SHARE PURCHASE AGREEMENT
entered into pursuant to Section 13 and following of Act No. 591/1992
Coll. on Securities and Section 358 and following of
Act No. 513/1991 Coll., the Commercial Code
This Share Purchase Agreement (hereinafter "the Agreement") has been entered
into on December 12, 1996
between
1. Ceska sporitelna, a. s., with its registered office at Xx Xxxxxxx 00, Xxxxx
1, PSC 113 98, IDN: 45 24 47 82, represented by JUDr. Xxxxx Xxxxxx, the
Vice-chairman of the Board of Directors and the First Deputy to the General
Director, and JUDr. Xxxxxx Xxxxx, the member of the Board of Directors and
the Deputy to the General Director (hereinafter only "the Seller")
and
2. CME Media Enterprises B.V., with its registered office at Xxxxxxxxxxx 00,
Xxxxxxxxx, xxx Xxxxxxxxxxx, represented by JUDr. Xxxxxx Xxxxxx, LL.M.,
advocate at the law office at Xxxxx 0, Xxxxxxxxxx 20, on the basis of the
power of attorney of July 17, 1996 (hereinafter only "the
Purchaser"),
(hereinafter independently only "the Party" and collectively only "the
Parties").
Preamble
The Seller represents that it legally owns 500 (in words: five hundred)

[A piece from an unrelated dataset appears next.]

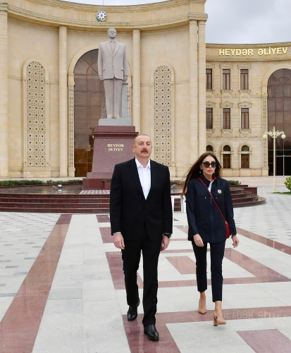 Dövlətimizin başçısı və Birinci xanım Salyan şəhərində Ulu Öndər Heydər Əliyevin abidəsini ziyarət ediblər.
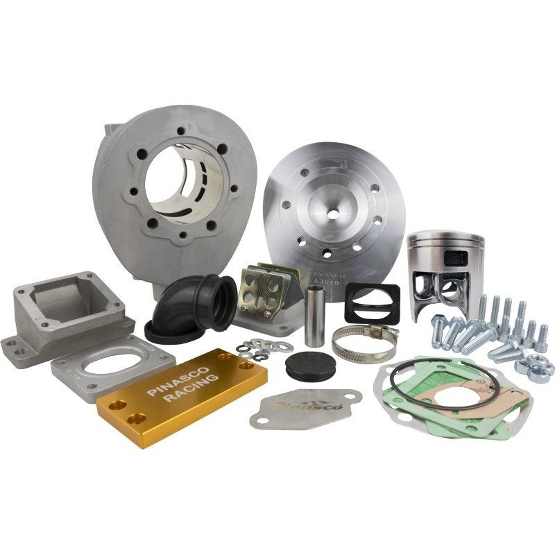 Vai al carrelloIl gruppo termico 225cc in alluminio 9 travasi è specifico per il montaggio con alberi motore corsa lunga 60mm. I cilindri sono realizzati in lega di alluminio con riporto al Nicasil che conferisce una robustezza eccezionale ed una resistenza unica garantendo prestazioni superiori a tutti i regimi di utilizzo. Questo gruppo termico è l'ideale per chi vuole un motore in corsa lunga ad alte prestazioni, il cilindro è completo di pacco lamellare tipo RD350 per poterlo usare "aspirato al cilindro"

registered shares each having a nominal value of CZK 10,000 (in words: ten
thousand Czech crowns) in Radio Alfa, a. s., with its registered office at
Xxxxx 0, Xx porici 12, IDN: 49 24 09 35, (numbers of shares from: 1.101 to
1.600) incorporated in the Companies Register maintained at the Regional Court
of Commerce in Prague, Part B, Insert No. 2055 (hereinafter only "the
Company"), such shares representing 10% of the Company's Registered Capital
(hereinafter "the Shares") which is registered at the date of entering of this
Agreement on the number of insert hereto.
I.
Purpose of the Agreement
The Seller is obliged to transfer to the Purchaser the Shares in accordance
with terms defined by this Agreement. The Purchaser is obliged to pay the
concluded price for the Shares in accordance with terms defined by this
Agreement.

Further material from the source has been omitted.